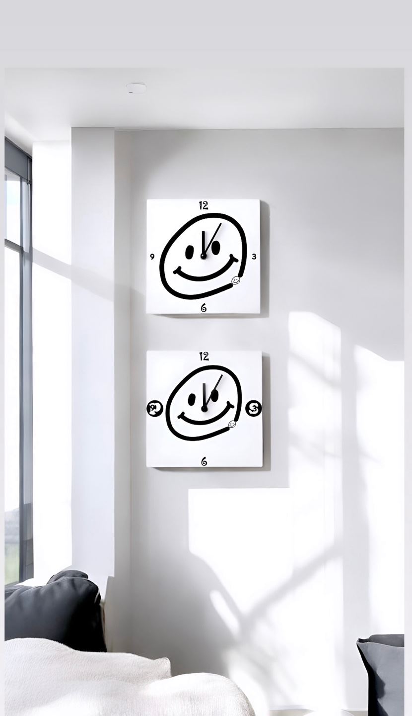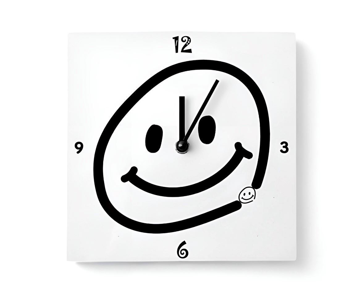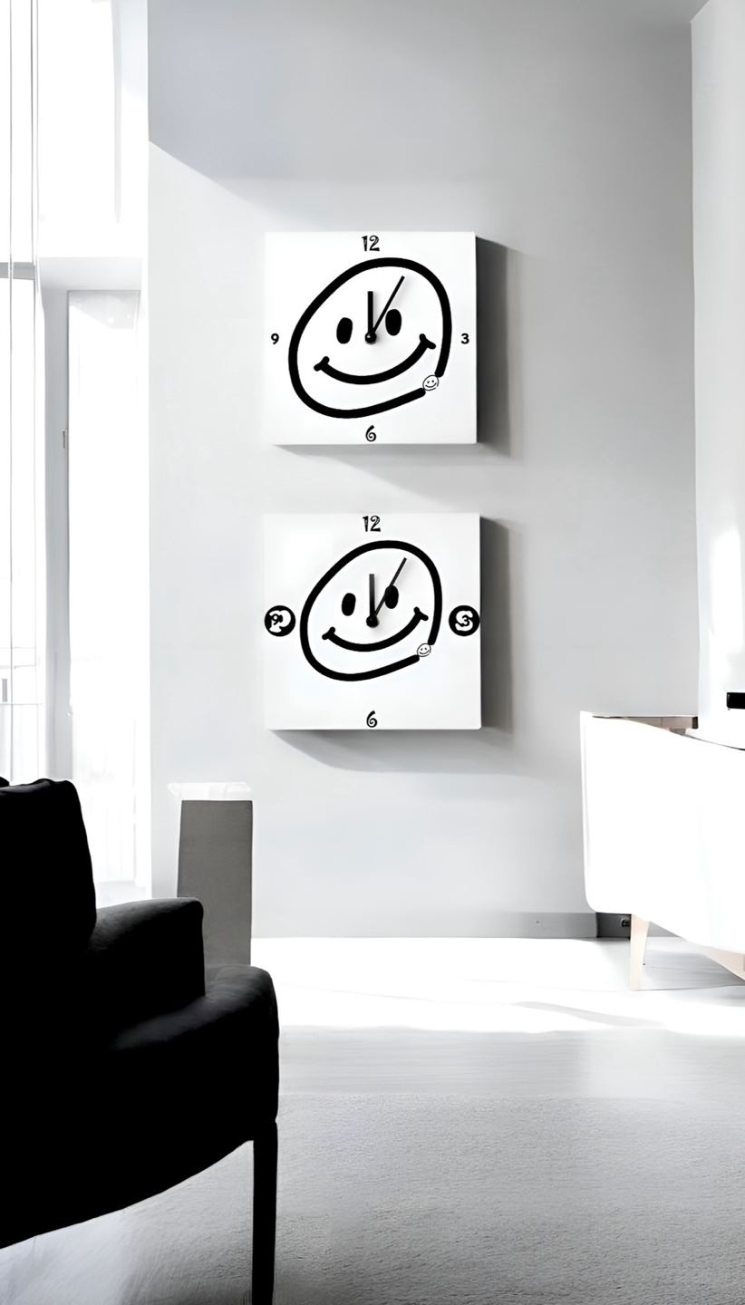• 미니멀 숫자 배열 + 초침이 웃음 위를 도는 유쾌한 디자인
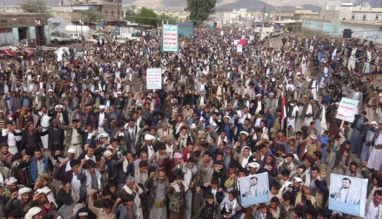 وحمل المشاركون رايات الحرية والأعلام اليمنية والفلسطينية، ورددو الهتافات المنددة بحرب الإبادة التي يتعرض لها الشعب الفلسطيني منذ 6 أشهر في ظل صمت عربي وإسلامي مطبق.
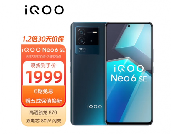 618期间iQOO Neo6 SE低至1999即可入手,可享受6期分期免息;iQOO Neo6机型2799即可入手,最高能享受12期免息分期,算下来每个月也就300块钱左右,还能额外享受半年延保,可以说很划算了~
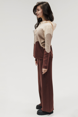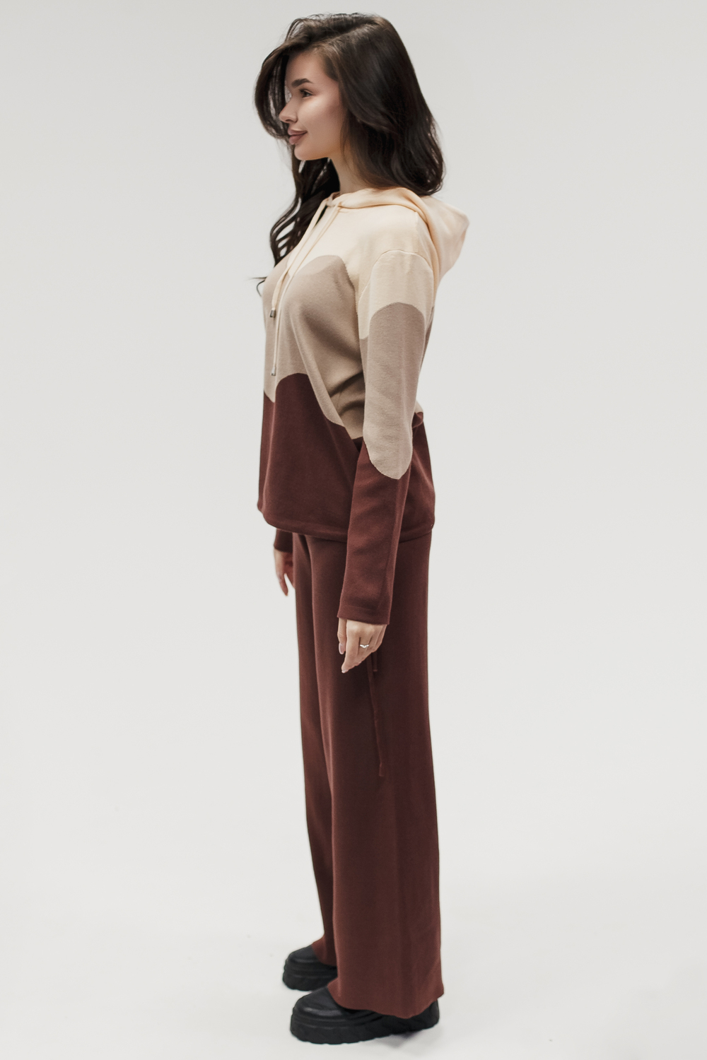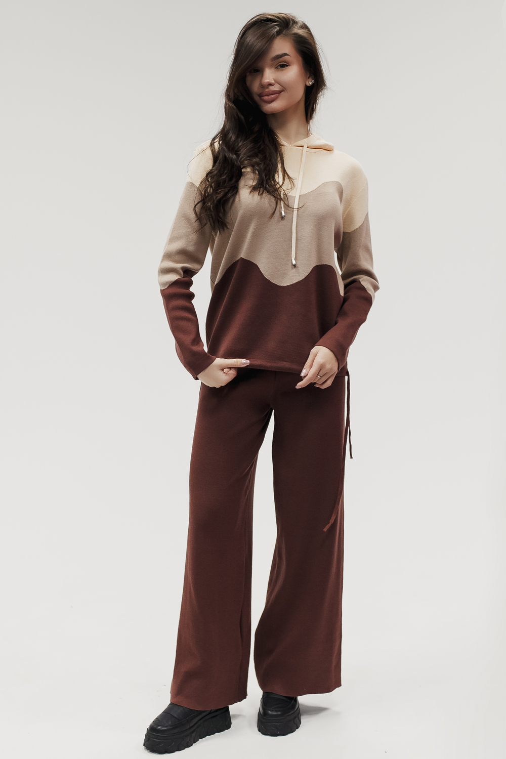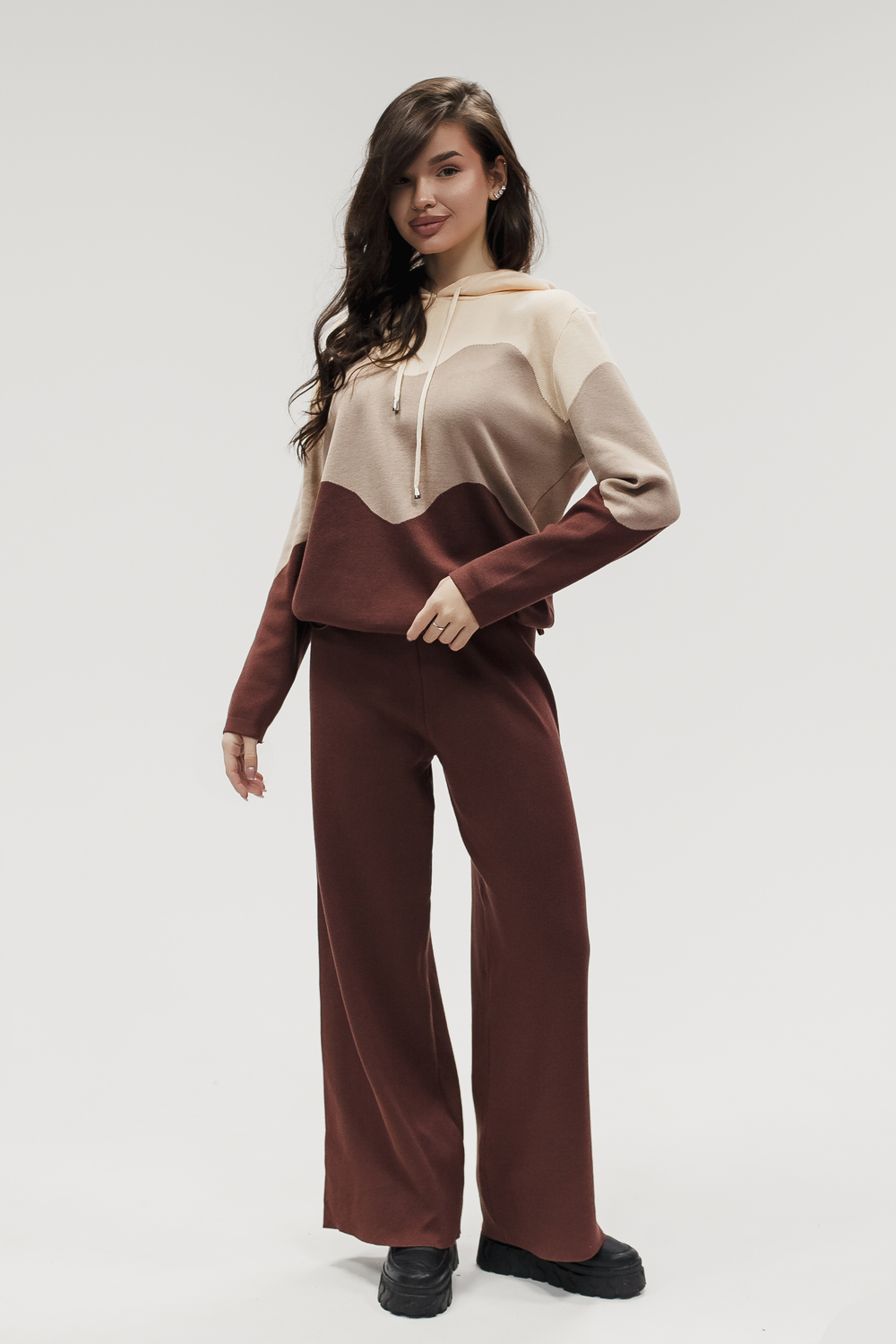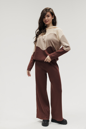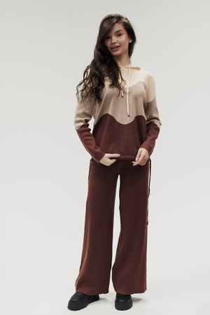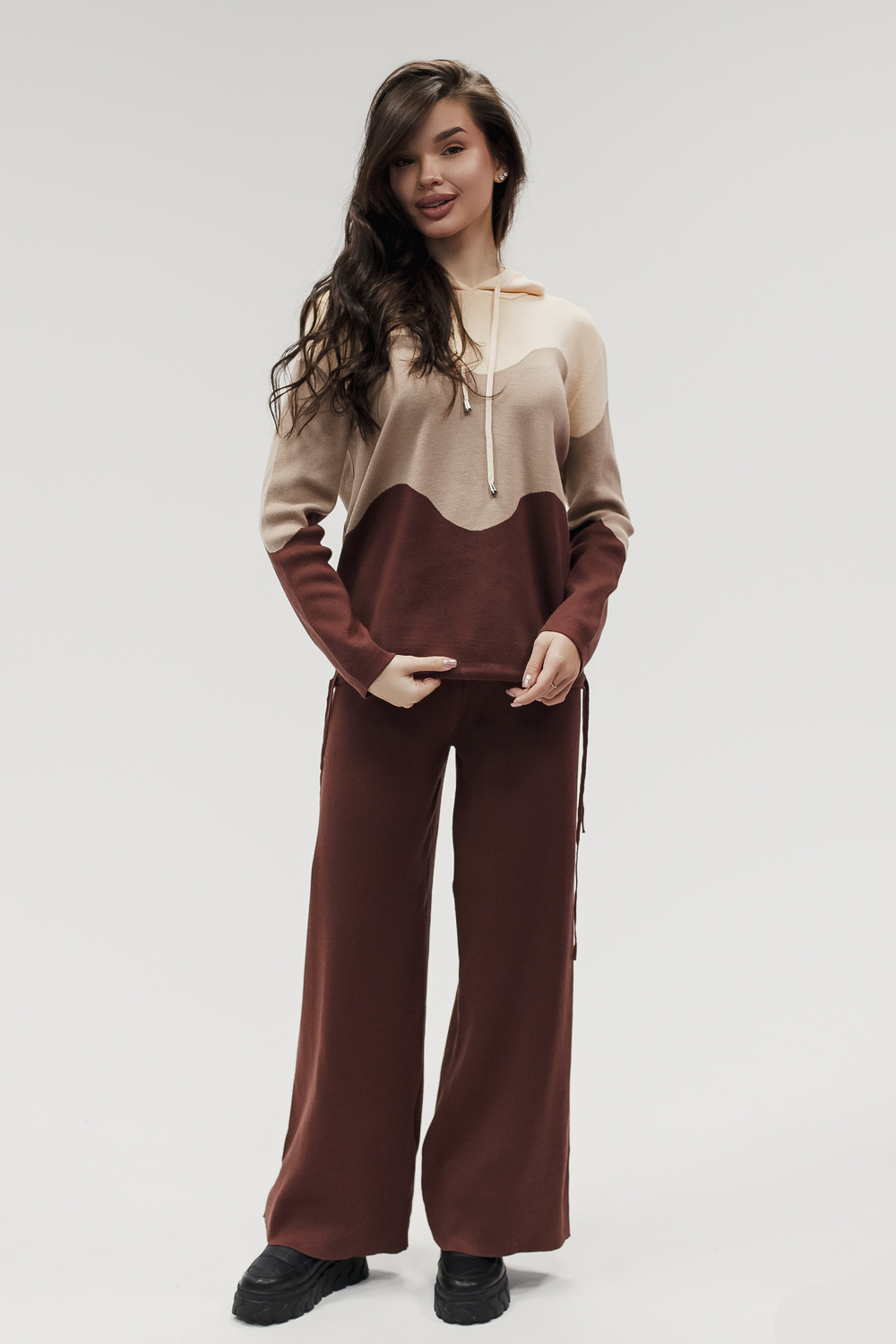 Крой кофты свободный, с капюшоном, кулиской по нижнему краю и эластичными манжетами; крой брюк прямой силуэт, средняя посадка, эластичный пояс. Особенности: кофта с регулируемым капюшоном и кулиской, брюки без карманов. Уход: деликатная стирка при температуре не выше 30∘C, сушка в расправленном виде на горизонтальной поверхности, не отбеливать, при необходимости бережная химчистка. Благодаря эластичному материалу костюм адаптируется под параметры фигуры и комфортно сидит,а лаконичный дизайн делает его универсальным он легко вписывается в разные образы и сочетается с любой обувью, от кроссовок до ботинок. Минималистичный крой и отсутствие лишних деталей подчёркивают сдержанный стиль и делают костюм практичным решением на каждый день

------------------------------------------------

**PROBLEM DESCRIPTION**: Everything in the listing above, apart from its pictures, must be repeated exactly.

**YOUR RESPONSE**:
• 미니멀 숫자 배열 + 초침이 웃음 위를 도는 유쾌한 디자인
 وحمل المشاركون رايات الحرية والأعلام اليمنية والفلسطينية، ورددو الهتافات المنددة بحرب الإبادة التي يتعرض لها الشعب الفلسطيني منذ 6 أشهر في ظل صمت عربي وإسلامي مطبق.
 618期间iQOO Neo6 SE低至1999即可入手,可享受6期分期免息;iQOO Neo6机型2799即可入手,最高能享受12期免息分期,算下来每个月也就300块钱左右,还能额外享受半年延保,可以说很划算了~
 Крой кофты свободный, с капюшоном, кулиской по нижнему краю и эластичными манжетами; крой брюк прямой силуэт, средняя посадка, эластичный пояс. Особенности: кофта с регулируемым капюшоном и кулиской, брюки без карманов. Уход: деликатная стирка при температуре не выше 30∘C, сушка в расправленном виде на горизонтальной поверхности, не отбеливать, при необходимости бережная химчистка. Благодаря эластичному материалу костюм адаптируется под параметры фигуры и комфортно сидит,а лаконичный дизайн делает его универсальным он легко вписывается в разные образы и сочетается с любой обувью, от кроссовок до ботинок. Минималистичный крой и отсутствие лишних деталей подчёркивают сдержанный стиль и делают костюм практичным решением на каждый день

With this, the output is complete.